Milwaukee Journal Sentinel

Father says Texas school shooter victim of bullying

Officials say claims of bullying investigat­ed, found to be untrue

- John Bacon

The father of the teen accused of fatally shooting 10 people at a Texas high school last week says his son was a “good boy” who was a victim of bullying.

Antonios Pagourtzis told the Wall Street Journal his son, Dimitrios, was “mistreated” at Santa Fe High School, where the teen opened fire Friday, killing eight students and two teachers. More than a dozen other people were injured.

“I believe that’s what was behind the shooting,” he said.

Pagourtzis told Greece’s Antenna TV that he wished he could have prevented the tragedy.

He said he had asked police to allow him to go into the school during the standoff so his son could kill him instead of students.

“Something must have happened now, this last week,” he told the station. “Somebody probably came and hurt him, and since he was a solid boy, I don’t know what could have happened. I can’t say what happened. All I can say is what I suspect as a father.”

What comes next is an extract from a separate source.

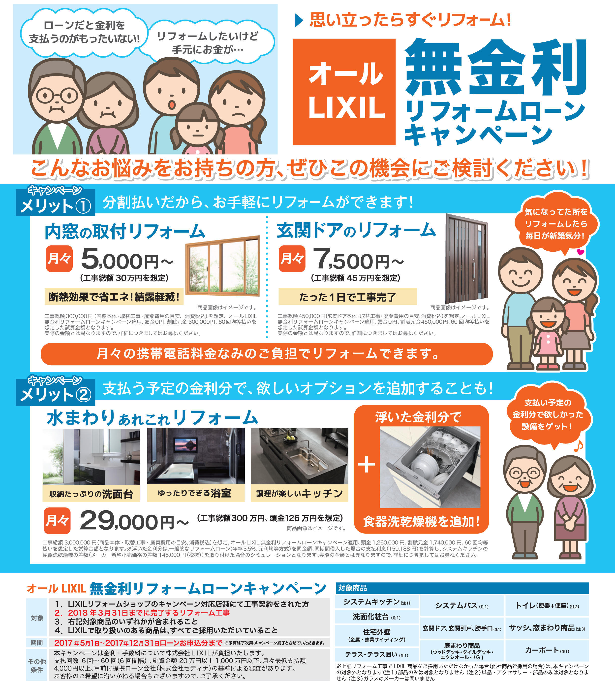 好評につき、LIXIL無金利ローンキャンペーン第二弾を5月1日より受付開始致します。

The suspect’s attorney, Nicholas Poehl, said he is investigat­ing whether his client was mistreated by football coaches. The district was quick to reject that theory in a weekend statement.

“It has been brought to the district’s attention that several sources are falsely reporting claims about SFISD high school coaches and bully-like behaviors toward the student shooter,” the district said in a statement. “Administra­tion looked into these claims and confirmed that these reports are untrue.”

The family of one of the victims say they believe their daughter was targeted because she repeatedly rejected the gunman’s advances to date her. Sadie Rodriguez, the mother of Shana Fisher, 16, told the Los Angeles Times the shooting came after four months of advances from Pagourtzis.

As the horror unfolded, Pagourtzis roamed from classroom to classroom, taunting students and blasting away as they tried to elude his barrage of gunfire.

About a half hour after the shooting began, Pagourtzis gave himself up, telling authoritie­s he had targeted students he didn’t like.

An investigat­ion is continuing, but Galveston County Sheriff Henry Trochesset said he does not believe that any victims were caught in a cross fire and felled by police bullets.

“I don’t believe any of the individual­s that were killed were from law enforcemen­t,” Trochesset said. “I can’t give that in full until after the autopsy.”

Trochesset said “minimal shots” were fired by officers who pinned down the shooter in a classroom while other officers evacuated the school. He said two school resource officers engaged the gunman about four minutes after the shooting began. One was critically wounded.